Key takeaways:
- Today, OpenAI unveiled its smallest and cheapest multimodal model yet: the GPT-4o mini.
- GPT-4o mini is “an order of magnitude more affordable” than its older models and 60% cheaper than GPT-3.5 Turbo, which had been the prevailing best deal.
- The move comes as enterprises grapple with the high cost of adopting generative AI, among other issues.
As astounding as OpenAI’s GPT-4o capabilities have been, a sticking point for enterprise adoption has been the cost, complexity and risks of generative AI.
Today, OpenAI sought to address at least one of those concerns by introducing GPT-4o mini, a smaller and cheaper multimodal model. The mini is available now to free, Plus and Team users of ChatGPT, with enterprise users getting access next week.
GPT-4o mini is “our most cost-efficient small model,” OpenAI said in a blog post. “We expect GPT-4o mini will significantly expand the range of applications built with AI by making intelligence much more affordable.”
The mini is “an order of magnitude” cheaper than its older models and over 60% less expensive than GPT-3.5 Turbo, its prevailing best deal, according to the startup. (This is pricing for developers to incorporate the model into other systems; consumers and small teams pay a flat-fee monthly rate, which will not change.)
OpenAI is charging developers 15 cents per million tokens for input – what users enter into the prompt window – and 60 cents per million tokens for output – what the model generates. (A token consists of word or character groupings. A million tokens translate to roughly 750,000 words or 3,000 pages.)
As a comparison, GPT-3.5 Turbo costs 50 cents per million input tokens and $1.50 per million output tokens. (Batch API prices are 25 cents input and 75 cents output for Turbo.) As for its rivals, Anthropic’s Claude 3 Haiku charges 25 cents per million input tokens and $1.25 per million output tokens.
“We think people will really, really like using the new model,” OpenAI CEO Sam Altman tweeted.
Context window and performance
The mini has a sizable 128,000-token (128K) context window that can take in about 96,000 words for the prompt. However, Google’s Gemini 1.5 Pro – a large model – blows away everyone in the industry with a context window that can handle up to 2 million tokens. For output, the mini offers up to 16K tokens per request.
The mini offers text and vision capabilities in the Assistants API, Chat Completions API, and Batch API, with image, audio and video coming later. Its knowledge cutoff is as of October 2023.

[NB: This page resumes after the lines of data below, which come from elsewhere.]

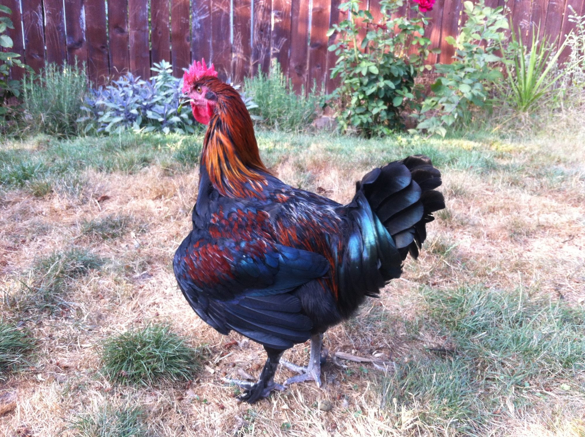 I want to thank all who commented on my questions and appreciate ALL the feedback I've received. Understanding that I made a mistake on my selection based one the APA standards regarding the red on the breast (live and learn). One additional question on the coloration - is it preferable to have black feathers over the ear or do they need to be copper. When I was reading the standards from the Marans Club of America and the Marans Club of France they state that they should be copper. I didn't see anything in the official US standards mentioning this. In the meantime I would like to know if this cock bird is a complete loss or is it possible to pair him up with an all black hen while I wait to upgrade. Here are some pictures of him. Don't hesitate being harsh with your comments I won't be offended.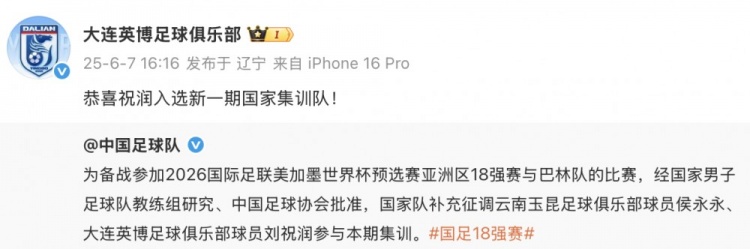 6月7日訊 在劉祝潤補招進(jìn)入國足后,大連英博俱樂(lè )部向他送上了祝賀。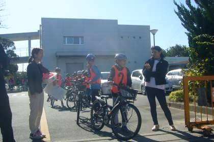 冷たい風が吹く中、交通安全授業の第3段、自転車実地訓練を行いました。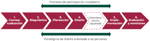 El proceso de diseño y estructuración de las calles parte de nombrar los conceptos con claridad con el propósito de generar el consenso necesario para facilitar una dinámica colaborativa entre personas que diseñan, proyectan, implementan y tomadoras de decisiones, considerando en todo momento las necesidades de desplazamiento de las personas usuarias de la infraestructura vial, con énfasis en la población con discapacidad o movilidad limitada, infancias, mujeres y personas adultas mayores.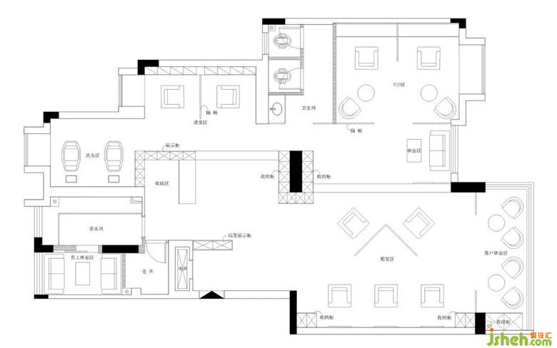 將洗發(fā)區(qū)的位置設(shè)置在空間角落,

In performance, the mini scored 82% on the MMLU (Massive Multitask Language Understanding) benchmark, which measures proficiency in a range of tasks and domains like science, humanities and math. This compares with 77.9% for Gemini Flash and 73.8% for Claude Haiku, both rival small models.
OpenAI said the mini overall outperforms its own GPT-3.5 Turbo and other small models on academic benchmarks in “textual intelligence and multimodal reasoning.” It supports dozens of languages, just like GPT-4o. The mini is “strong” in function calling and has better long-context performance than the GPT-3.5 Turbo, the startup said.
The mini is also the first model to apply OpenAI’s “instruction hierarchy method,” which makes it more resistant to misuse in jailbreaks, prompt injections and system prompt extractions.
OpenAI will be rolling out fine-tuning capabilities for the mini in the “coming days.”
Smaller language and multimodal models are becoming more popular because they are easier to fine-tune or retrain for specific uses, require less computational power, process AI workloads faster with lower latency, have faster deployment, consume less energy, and are sized to better fit mobile devices like laptops and smartphones for edge computing.
Mistral and Nvidia today released a small, 12-billion parameter model called Mistral NeMo. It is open source and boasts a 128K context length window. The model is meant for multilingual tasks, particularly strong in English, French, German, Spanish, Italian, Portuguese, Chinese, Japanese, Korean, Arabic and Hindi. It uses a new tokenizer that was trained on more than 100 languages.
Microsoft has introduced its small model Phi-3 family; Google has its Gemma models; Anthropic has Claude 3 Haiku; Mistral AI has Mistral 7B; Meta has Alpaca 7B, among others.